> **Work required**: Among the entries below, only the lines from the one with "Mesa escolar abatible" through the one with "Ugelli variabili: A-2B" are wanted, reproduced exactly. Pictures are not wanted.
►
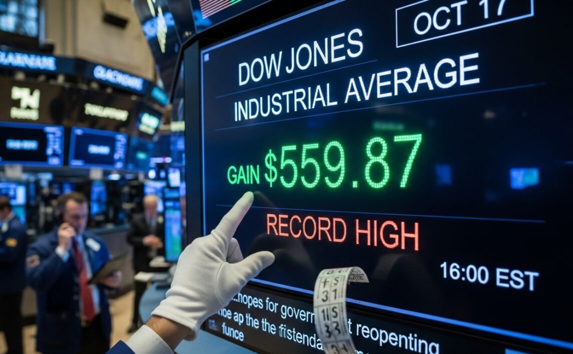 Stockダウ工業株、政府機関再開期待で559ドル高の最高値更新
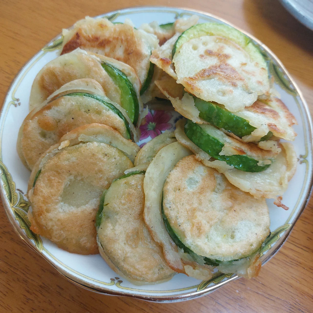 애호박은 예쁜 보름달같이 둥글게 썰어 하얀 밀가루 옷을 입힙니다. 여기에 밀가루 반죽외투를 걸쳐 전을 부쳤습니다. 앞뒤 노릇노릇하게 구워내면 딴 반찬은 그냥 조연이 되는 겁니다.
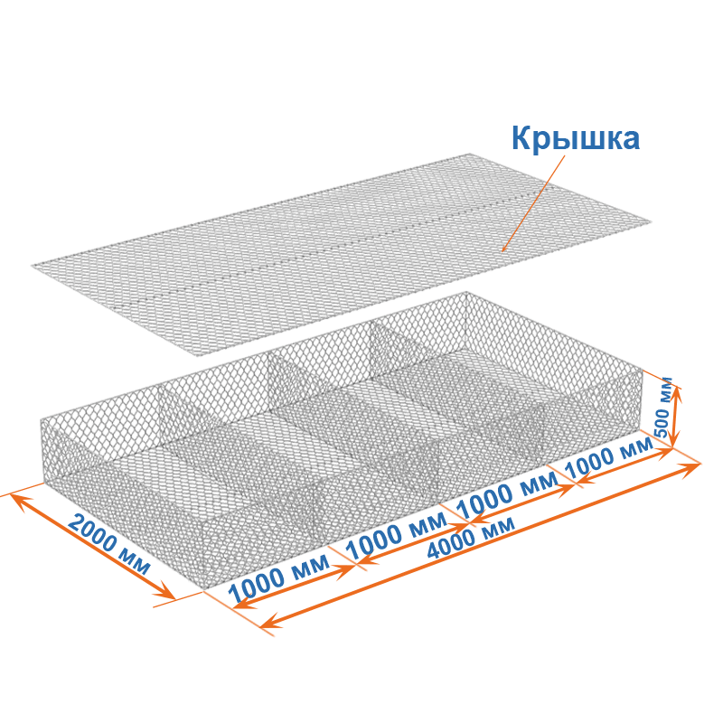 Габион матрац  ГСИ-М 4х2х0,5 оцинкованный, Ø проволоки 2,7 мм, размер ячейки 8х10 см фото
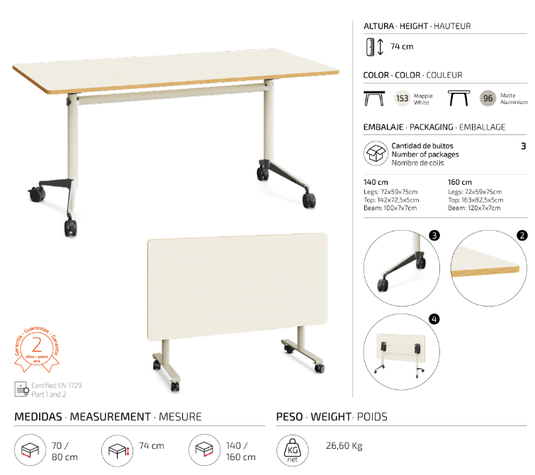 Mesa escolar abatible con estructura metálica y acabado en madera de arce que combina funcionalidad y diseño en entornos educativos. Incorpora ruedas con freno y un sistema plegable, ideal para aulas y salas multiusos. Su diseño permite un fácil almacenamiento y favorece la creación de espacios flexibles. Perfecta para escuelas infantiles, colegios y centros que apuestan por un aprendizaje activo y versátil.
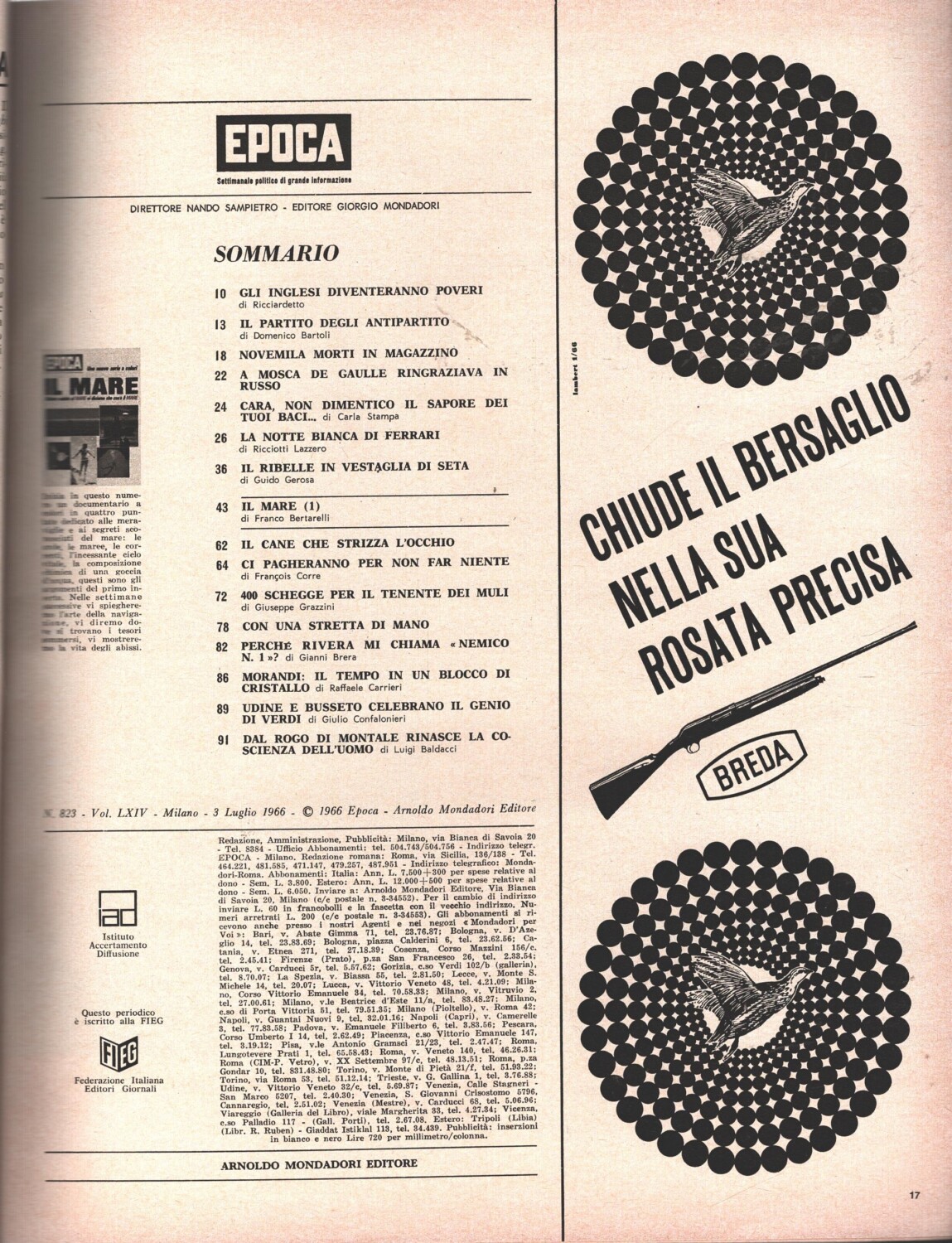 | Titolo: | Rivista Epoca n. 823 – 3 Luglio 1966 – In copertina foto Il Mare (con figurine) ed. Mondadori |
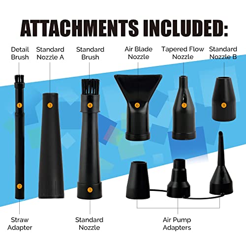 Ugelli variabili: A-2B include diversi ugelli, come l'adattatore per cannucce, la spazzola per dettagli, gli adattatori per pompa d'aria e così via. Diversi ugelli sono adatti a situazioni diverse. Questo design non solo ti consentirà di risparmiare denaro, ma anche di utilizzarlo in casa o in ufficio come versatile spolverino elettrico e pompa d'aria.
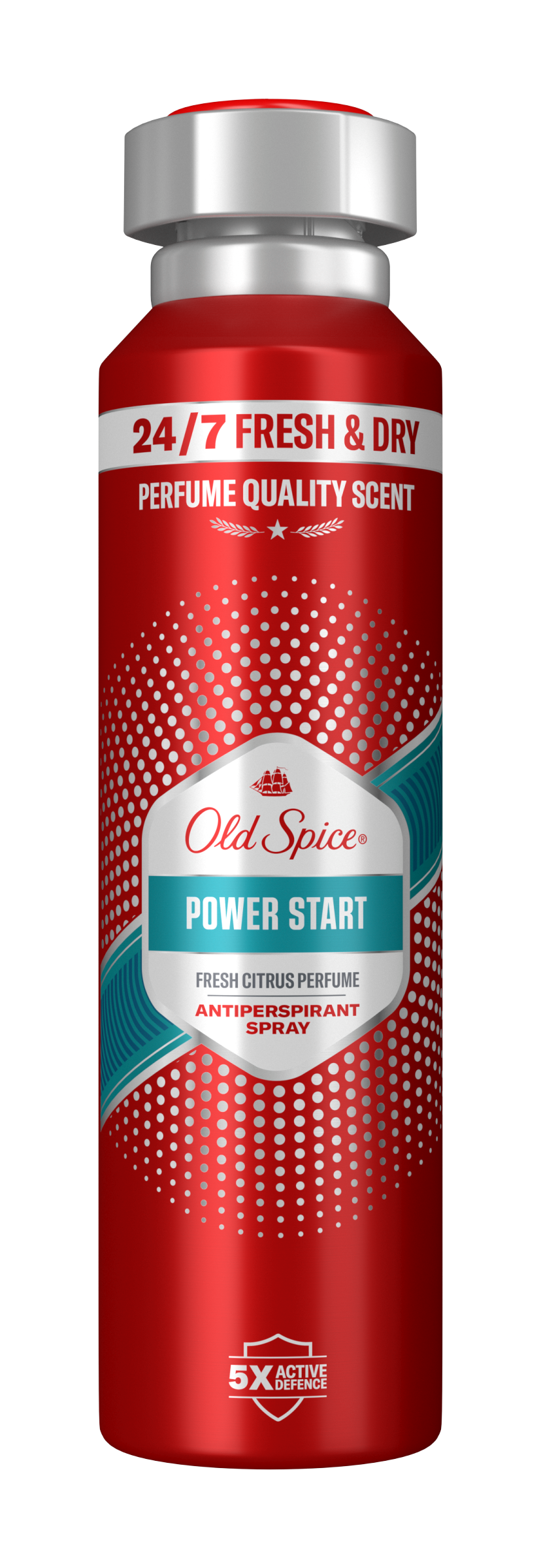 Užij si dlouhotrvající ochranu před potem a vůni parfémové kvality. Antiperspirant ve spreji Old Spice ti zajistí nepřetržitou svěžest a pocit sucha* 24 hodin denně, 7 dní v týdnu s voňtastickou sebedůvěrou. Začni den s Old Spice Power Start Ponoř se do povzbuzující symfonie vůně Old Spice Power Start Fresh Citrus s limetkou, pelargonií a cedrovým dřevem, která nastartuje tvůj den záplavou svěžesti. Složení 5× Active Defence: parfém s dlouhou výdrží, ochrana před zápachem, ochrana před potem, aktivace vůně potem a technologie proti vyprchání vůně, která ti pomůže snadno zvládnout vše, co se děje ve tvém podpaží. Tento antiperspirant ve spreji nabízí ochranu proti zápachu a potu v jediné aplikaci. Zůstaneš v suchu, budeš skvěle vonět po celý den a zároveň udržíš otravné bílé stopy na uzdě.
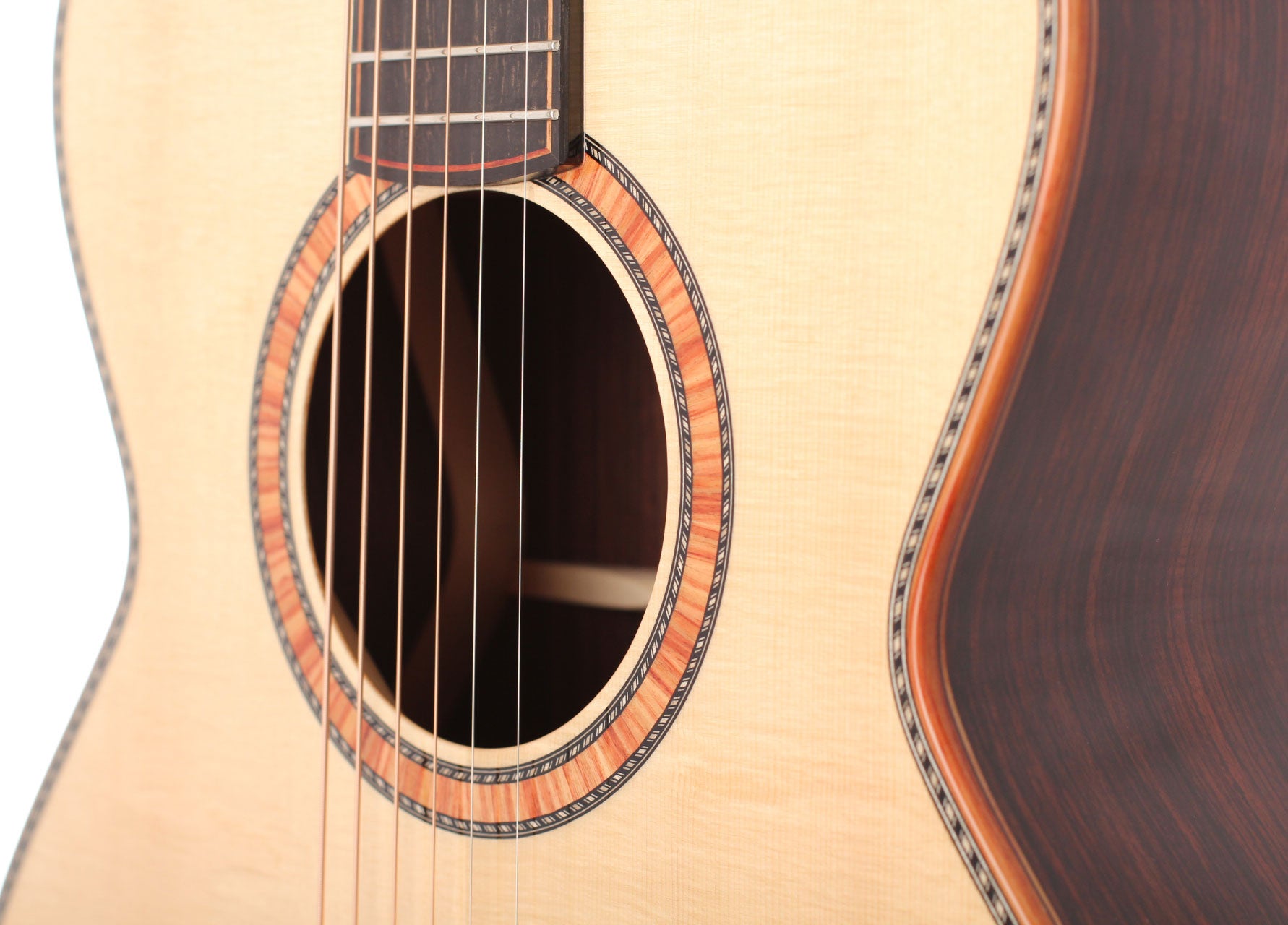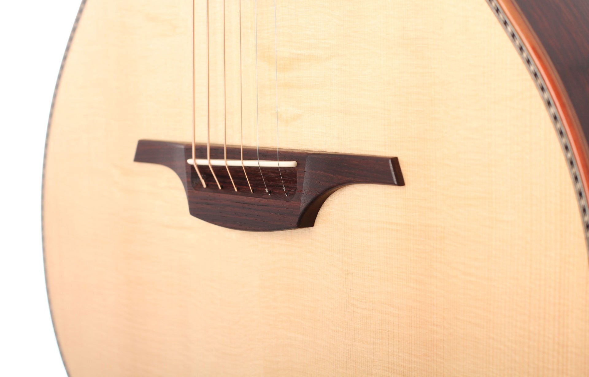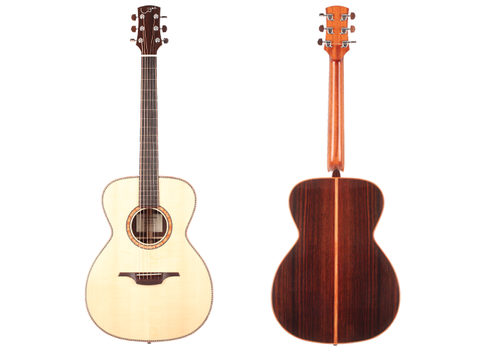 This OM-model has a very differentiated sound, caused by the shape and the wood selection. The Indian Rosewood gives a classical modest look and a very balanced color of sound. The top is made of fine Alpine Spruce and provided with a scalloped x-bracing. Though relatively small and handy, this guitar still has a powerful sound due to the fastidious elaboration of the top. The mahogany neck is very comfortable to play.
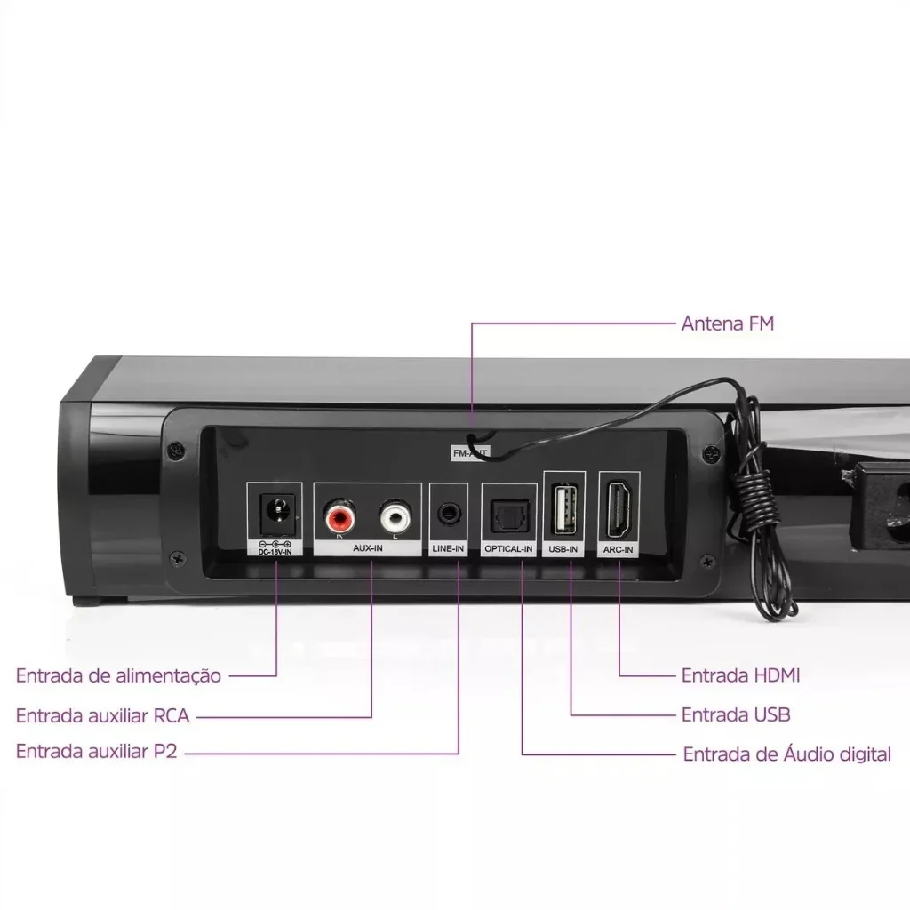 -Conexões Bluetooth versão 5.0 , HDMI, Óptica Digital, RCA e Plug P2
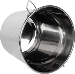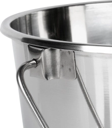Univerzálne nerezové vedro je nepostrádateľným pomocníkom na každodennú prácu v domácnosti aj v profesionálnej prevádzke. Hladký nerezový povrch sa ľahko čistí a neabsorbuje pachy, robustné drôtené ucho zabezpečuje pohodlné prenášanie aj možnosť zavesenia. Rozmery cca 30 × 33 cm poskytujú dostatok priestoru na vodu, mlieko, ovocie či suroviny na stavbe.
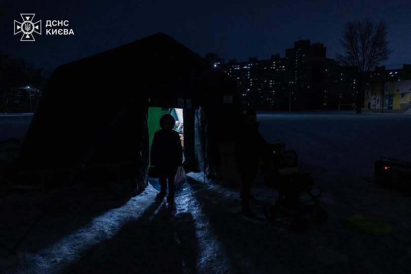 З приходом темряви мешканці Києва знаходять тепло та світло у наметах рятувальників, яких відкрито 104. У цих пунктах допомагають людям, залишеним без тепла через дії росії, знайти безпеку та комфорт.
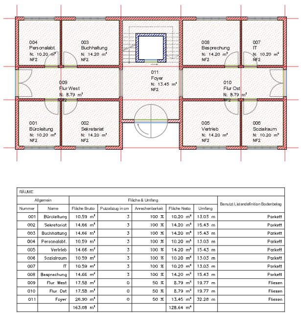 Bei Bedarf die Darstellung (Schraffur, Farben, …) für Plan 1-100, Plan 1-50, … anpassen.
◄
> **Written answer**:
 Mesa escolar abatible con estructura metálica y acabado en madera de arce que combina funcionalidad y diseño en entornos educativos. Incorpora ruedas con freno y un sistema plegable, ideal para aulas y salas multiusos. Su diseño permite un fácil almacenamiento y favorece la creación de espacios flexibles. Perfecta para escuelas infantiles, colegios y centros que apuestan por un aprendizaje activo y versátil.
 | Titolo: | Rivista Epoca n. 823 – 3 Luglio 1966 – In copertina foto Il Mare (con figurine) ed. Mondadori |
 Ugelli variabili: A-2B include diversi ugelli, come l'adattatore per cannucce, la spazzola per dettagli, gli adattatori per pompa d'aria e così via. Diversi ugelli sono adatti a situazioni diverse. Questo design non solo ti consentirà di risparmiare denaro, ma anche di utilizzarlo in casa o in ufficio come versatile spolverino elettrico e pompa d'aria.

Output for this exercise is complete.